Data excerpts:

============================================================

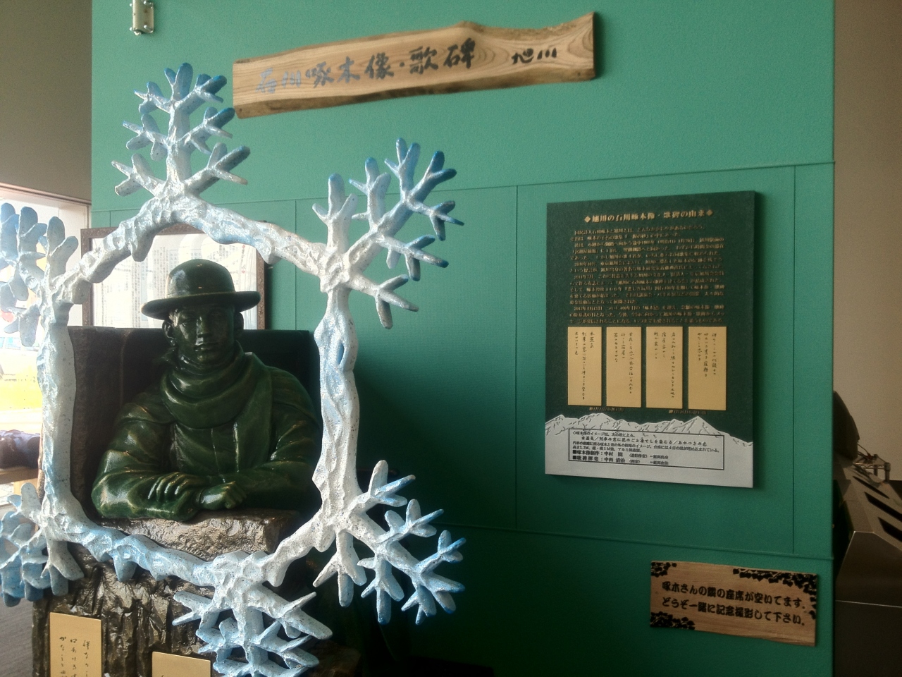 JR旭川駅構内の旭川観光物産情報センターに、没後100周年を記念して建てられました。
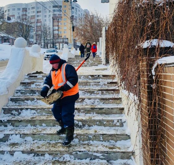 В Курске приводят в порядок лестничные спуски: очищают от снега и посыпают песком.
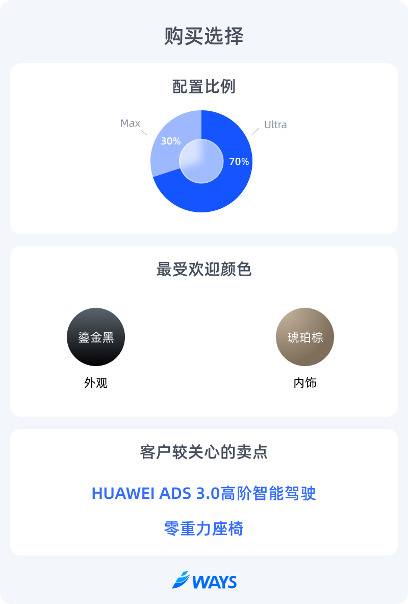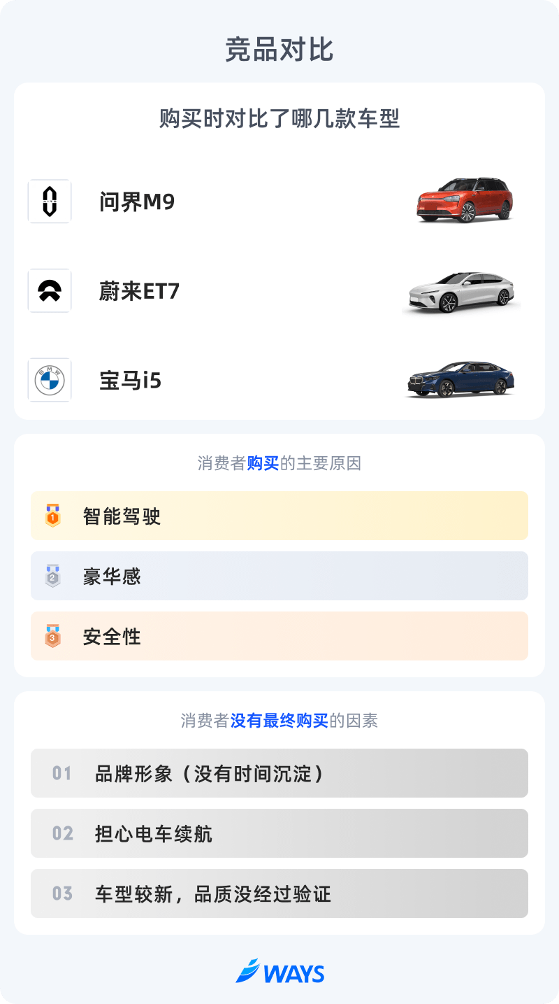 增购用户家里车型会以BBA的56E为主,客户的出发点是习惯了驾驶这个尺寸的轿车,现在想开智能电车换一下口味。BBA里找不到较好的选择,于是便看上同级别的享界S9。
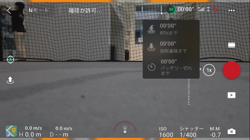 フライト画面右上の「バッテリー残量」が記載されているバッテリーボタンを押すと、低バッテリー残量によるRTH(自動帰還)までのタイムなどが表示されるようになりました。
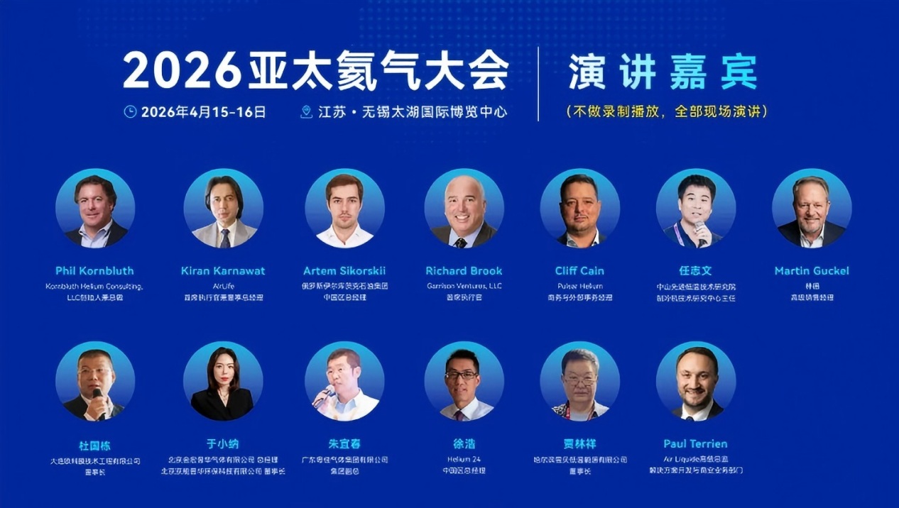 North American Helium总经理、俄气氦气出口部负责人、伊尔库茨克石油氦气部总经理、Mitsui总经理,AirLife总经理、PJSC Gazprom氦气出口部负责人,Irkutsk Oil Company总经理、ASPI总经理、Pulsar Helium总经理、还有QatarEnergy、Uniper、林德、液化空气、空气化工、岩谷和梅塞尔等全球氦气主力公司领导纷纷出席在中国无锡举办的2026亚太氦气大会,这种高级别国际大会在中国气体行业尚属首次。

============================================================

[Your task]
Take the line containing "フライト画面右上の「バッテリ" and every line after it through the end of the data, and write them out exactly, with no pictures.

[Task output]
 フライト画面右上の「バッテリー残量」が記載されているバッテリーボタンを押すと、低バッテリー残量によるRTH(自動帰還)までのタイムなどが表示されるようになりました。
 North American Helium总经理、俄气氦气出口部负责人、伊尔库茨克石油氦气部总经理、Mitsui总经理,AirLife总经理、PJSC Gazprom氦气出口部负责人,Irkutsk Oil Company总经理、ASPI总经理、Pulsar Helium总经理、还有QatarEnergy、Uniper、林德、液化空气、空气化工、岩谷和梅塞尔等全球氦气主力公司领导纷纷出席在中国无锡举办的2026亚太氦气大会,这种高级别国际大会在中国气体行业尚属首次。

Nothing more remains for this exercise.